**YOUR ASSIGNMENT**
Each record that follows is to be transcribed exactly, excluding its images.

╔══

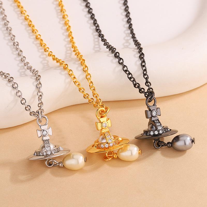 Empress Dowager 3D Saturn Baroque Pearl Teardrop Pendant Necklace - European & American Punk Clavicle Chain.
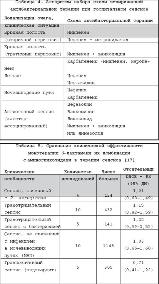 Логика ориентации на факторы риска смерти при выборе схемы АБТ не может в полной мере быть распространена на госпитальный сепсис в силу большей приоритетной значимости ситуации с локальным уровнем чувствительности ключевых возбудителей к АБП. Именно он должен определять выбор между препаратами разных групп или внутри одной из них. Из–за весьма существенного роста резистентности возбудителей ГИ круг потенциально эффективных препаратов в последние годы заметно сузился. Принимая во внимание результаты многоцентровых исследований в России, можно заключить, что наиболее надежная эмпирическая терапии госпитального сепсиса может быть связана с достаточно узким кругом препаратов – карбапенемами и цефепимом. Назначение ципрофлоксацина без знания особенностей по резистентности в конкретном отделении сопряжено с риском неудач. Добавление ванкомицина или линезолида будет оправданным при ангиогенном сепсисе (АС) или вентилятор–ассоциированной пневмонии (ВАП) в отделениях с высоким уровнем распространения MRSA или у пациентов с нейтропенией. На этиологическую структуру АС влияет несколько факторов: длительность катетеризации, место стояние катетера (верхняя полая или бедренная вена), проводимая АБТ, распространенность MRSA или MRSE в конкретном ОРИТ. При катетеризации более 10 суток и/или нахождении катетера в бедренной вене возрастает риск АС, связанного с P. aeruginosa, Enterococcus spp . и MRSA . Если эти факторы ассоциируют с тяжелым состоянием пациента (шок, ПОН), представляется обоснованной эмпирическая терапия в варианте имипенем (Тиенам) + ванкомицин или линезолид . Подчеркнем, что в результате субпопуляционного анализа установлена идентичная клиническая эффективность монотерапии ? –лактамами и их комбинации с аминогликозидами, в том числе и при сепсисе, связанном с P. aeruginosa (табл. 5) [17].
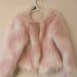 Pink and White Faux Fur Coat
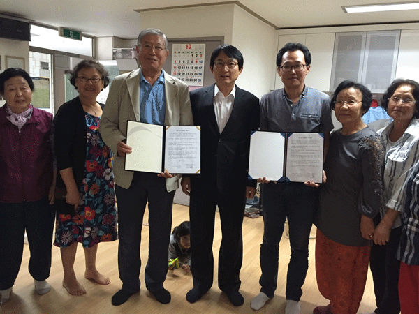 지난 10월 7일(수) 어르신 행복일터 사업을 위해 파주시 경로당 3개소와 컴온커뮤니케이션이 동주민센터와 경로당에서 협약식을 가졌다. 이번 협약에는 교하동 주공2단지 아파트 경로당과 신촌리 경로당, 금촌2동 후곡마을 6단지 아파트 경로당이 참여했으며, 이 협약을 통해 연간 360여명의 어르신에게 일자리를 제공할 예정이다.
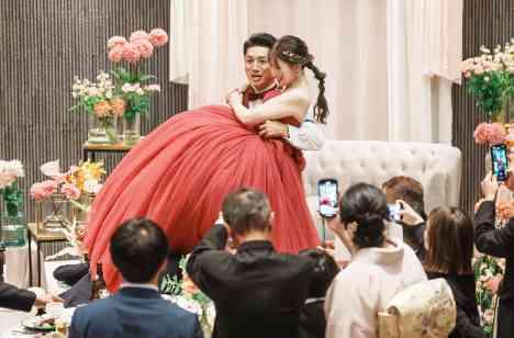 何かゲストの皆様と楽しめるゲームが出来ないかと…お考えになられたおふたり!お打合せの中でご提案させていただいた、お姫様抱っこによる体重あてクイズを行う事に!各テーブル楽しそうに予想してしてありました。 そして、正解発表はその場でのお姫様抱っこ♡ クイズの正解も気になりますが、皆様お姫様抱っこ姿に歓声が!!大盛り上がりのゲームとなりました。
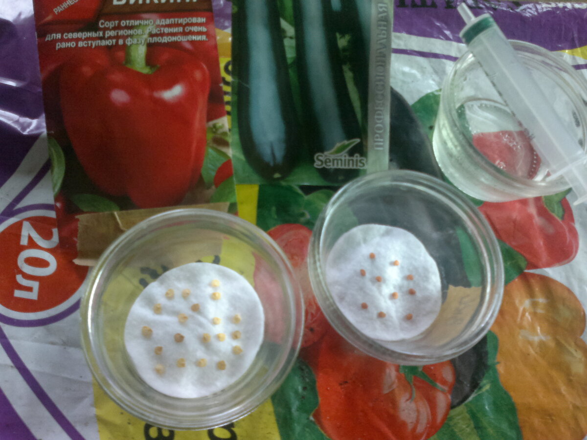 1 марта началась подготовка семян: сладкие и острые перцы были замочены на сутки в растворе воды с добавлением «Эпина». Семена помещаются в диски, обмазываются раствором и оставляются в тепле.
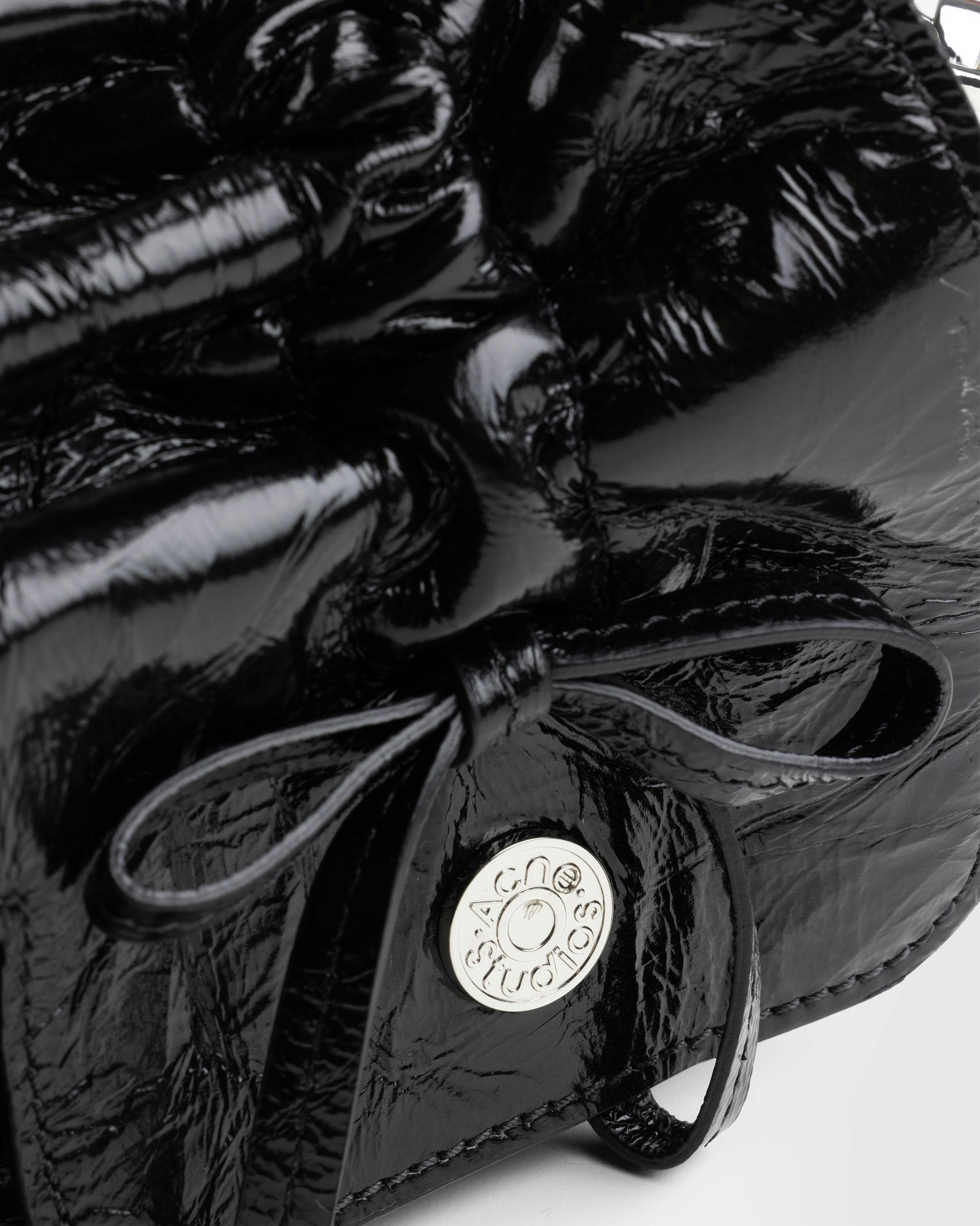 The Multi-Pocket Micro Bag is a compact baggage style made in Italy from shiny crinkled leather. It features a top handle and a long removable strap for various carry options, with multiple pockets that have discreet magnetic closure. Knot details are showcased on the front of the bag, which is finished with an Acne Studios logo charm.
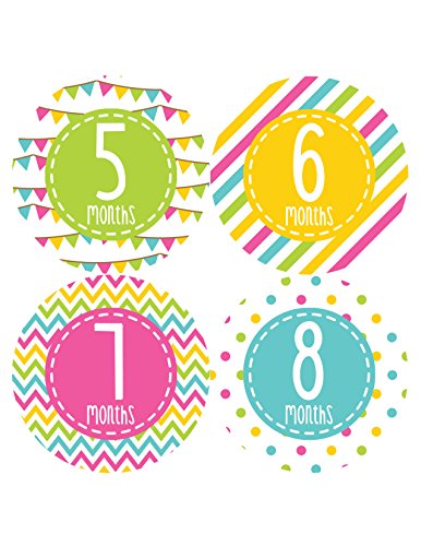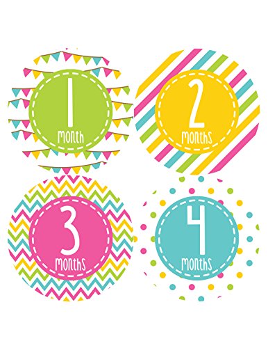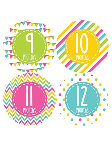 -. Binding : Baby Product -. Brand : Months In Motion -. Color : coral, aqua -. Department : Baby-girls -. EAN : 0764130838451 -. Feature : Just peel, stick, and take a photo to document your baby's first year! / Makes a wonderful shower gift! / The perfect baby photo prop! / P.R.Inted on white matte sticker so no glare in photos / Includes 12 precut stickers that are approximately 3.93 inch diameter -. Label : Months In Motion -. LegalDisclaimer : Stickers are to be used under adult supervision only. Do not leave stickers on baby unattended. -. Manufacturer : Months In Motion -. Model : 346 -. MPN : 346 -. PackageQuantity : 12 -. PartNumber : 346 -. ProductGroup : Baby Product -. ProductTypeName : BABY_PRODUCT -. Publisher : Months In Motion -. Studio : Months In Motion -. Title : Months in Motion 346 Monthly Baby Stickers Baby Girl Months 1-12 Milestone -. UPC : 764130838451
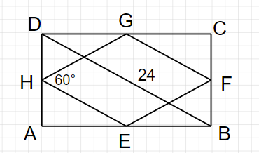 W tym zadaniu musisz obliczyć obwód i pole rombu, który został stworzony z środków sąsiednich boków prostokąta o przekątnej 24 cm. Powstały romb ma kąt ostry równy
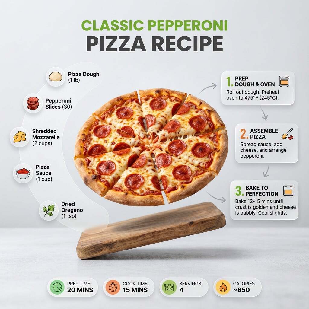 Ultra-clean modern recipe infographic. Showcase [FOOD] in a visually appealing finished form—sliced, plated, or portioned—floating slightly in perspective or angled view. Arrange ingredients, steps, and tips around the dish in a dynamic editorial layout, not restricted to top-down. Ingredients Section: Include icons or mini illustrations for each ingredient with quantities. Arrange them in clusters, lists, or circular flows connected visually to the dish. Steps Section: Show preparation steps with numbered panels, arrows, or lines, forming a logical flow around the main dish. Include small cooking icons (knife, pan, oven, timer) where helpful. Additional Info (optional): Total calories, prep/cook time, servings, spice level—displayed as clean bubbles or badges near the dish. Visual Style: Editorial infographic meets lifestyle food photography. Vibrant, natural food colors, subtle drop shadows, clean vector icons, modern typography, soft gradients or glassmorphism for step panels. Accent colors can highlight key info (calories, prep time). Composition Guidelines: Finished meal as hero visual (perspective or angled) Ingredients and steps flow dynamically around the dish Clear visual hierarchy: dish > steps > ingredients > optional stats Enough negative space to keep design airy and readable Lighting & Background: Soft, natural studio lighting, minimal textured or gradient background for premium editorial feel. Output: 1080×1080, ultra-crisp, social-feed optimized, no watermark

╚══

**COMPLETED EXERCISE**
 Empress Dowager 3D Saturn Baroque Pearl Teardrop Pendant Necklace - European & American Punk Clavicle Chain.
 Логика ориентации на факторы риска смерти при выборе схемы АБТ не может в полной мере быть распространена на госпитальный сепсис в силу большей приоритетной значимости ситуации с локальным уровнем чувствительности ключевых возбудителей к АБП. Именно он должен определять выбор между препаратами разных групп или внутри одной из них. Из–за весьма существенного роста резистентности возбудителей ГИ круг потенциально эффективных препаратов в последние годы заметно сузился. Принимая во внимание результаты многоцентровых исследований в России, можно заключить, что наиболее надежная эмпирическая терапии госпитального сепсиса может быть связана с достаточно узким кругом препаратов – карбапенемами и цефепимом. Назначение ципрофлоксацина без знания особенностей по резистентности в конкретном отделении сопряжено с риском неудач. Добавление ванкомицина или линезолида будет оправданным при ангиогенном сепсисе (АС) или вентилятор–ассоциированной пневмонии (ВАП) в отделениях с высоким уровнем распространения MRSA или у пациентов с нейтропенией. На этиологическую структуру АС влияет несколько факторов: длительность катетеризации, место стояние катетера (верхняя полая или бедренная вена), проводимая АБТ, распространенность MRSA или MRSE в конкретном ОРИТ. При катетеризации более 10 суток и/или нахождении катетера в бедренной вене возрастает риск АС, связанного с P. aeruginosa, Enterococcus spp . и MRSA . Если эти факторы ассоциируют с тяжелым состоянием пациента (шок, ПОН), представляется обоснованной эмпирическая терапия в варианте имипенем (Тиенам) + ванкомицин или линезолид . Подчеркнем, что в результате субпопуляционного анализа установлена идентичная клиническая эффективность монотерапии ? –лактамами и их комбинации с аминогликозидами, в том числе и при сепсисе, связанном с P. aeruginosa (табл. 5) [17].
 Pink and White Faux Fur Coat
 지난 10월 7일(수) 어르신 행복일터 사업을 위해 파주시 경로당 3개소와 컴온커뮤니케이션이 동주민센터와 경로당에서 협약식을 가졌다. 이번 협약에는 교하동 주공2단지 아파트 경로당과 신촌리 경로당, 금촌2동 후곡마을 6단지 아파트 경로당이 참여했으며, 이 협약을 통해 연간 360여명의 어르신에게 일자리를 제공할 예정이다.
 何かゲストの皆様と楽しめるゲームが出来ないかと…お考えになられたおふたり!お打合せの中でご提案させていただいた、お姫様抱っこによる体重あてクイズを行う事に!各テーブル楽しそうに予想してしてありました。 そして、正解発表はその場でのお姫様抱っこ♡ クイズの正解も気になりますが、皆様お姫様抱っこ姿に歓声が!!大盛り上がりのゲームとなりました。
 1 марта началась подготовка семян: сладкие и острые перцы были замочены на сутки в растворе воды с добавлением «Эпина». Семена помещаются в диски, обмазываются раствором и оставляются в тепле.
 The Multi-Pocket Micro Bag is a compact baggage style made in Italy from shiny crinkled leather. It features a top handle and a long removable strap for various carry options, with multiple pockets that have discreet magnetic closure. Knot details are showcased on the front of the bag, which is finished with an Acne Studios logo charm.
 -. Binding : Baby Product -. Brand : Months In Motion -. Color : coral, aqua -. Department : Baby-girls -. EAN : 0764130838451 -. Feature : Just peel, stick, and take a photo to document your baby's first year! / Makes a wonderful shower gift! / The perfect baby photo prop! / P.R.Inted on white matte sticker so no glare in photos / Includes 12 precut stickers that are approximately 3.93 inch diameter -. Label : Months In Motion -. LegalDisclaimer : Stickers are to be used under adult supervision only. Do not leave stickers on baby unattended. -. Manufacturer : Months In Motion -. Model : 346 -. MPN : 346 -. PackageQuantity : 12 -. PartNumber : 346 -. ProductGroup : Baby Product -. ProductTypeName : BABY_PRODUCT -. Publisher : Months In Motion -. Studio : Months In Motion -. Title : Months in Motion 346 Monthly Baby Stickers Baby Girl Months 1-12 Milestone -. UPC : 764130838451
 W tym zadaniu musisz obliczyć obwód i pole rombu, który został stworzony z środków sąsiednich boków prostokąta o przekątnej 24 cm. Powstały romb ma kąt ostry równy
 Ultra-clean modern recipe infographic. Showcase [FOOD] in a visually appealing finished form—sliced, plated, or portioned—floating slightly in perspective or angled view. Arrange ingredients, steps, and tips around the dish in a dynamic editorial layout, not restricted to top-down. Ingredients Section: Include icons or mini illustrations for each ingredient with quantities. Arrange them in clusters, lists, or circular flows connected visually to the dish. Steps Section: Show preparation steps with numbered panels, arrows, or lines, forming a logical flow around the main dish. Include small cooking icons (knife, pan, oven, timer) where helpful. Additional Info (optional): Total calories, prep/cook time, servings, spice level—displayed as clean bubbles or badges near the dish. Visual Style: Editorial infographic meets lifestyle food photography. Vibrant, natural food colors, subtle drop shadows, clean vector icons, modern typography, soft gradients or glassmorphism for step panels. Accent colors can highlight key info (calories, prep time). Composition Guidelines: Finished meal as hero visual (perspective or angled) Ingredients and steps flow dynamically around the dish Clear visual hierarchy: dish > steps > ingredients > optional stats Enough negative space to keep design airy and readable Lighting & Background: Soft, natural studio lighting, minimal textured or gradient background for premium editorial feel. Output: 1080×1080, ultra-crisp, social-feed optimized, no watermark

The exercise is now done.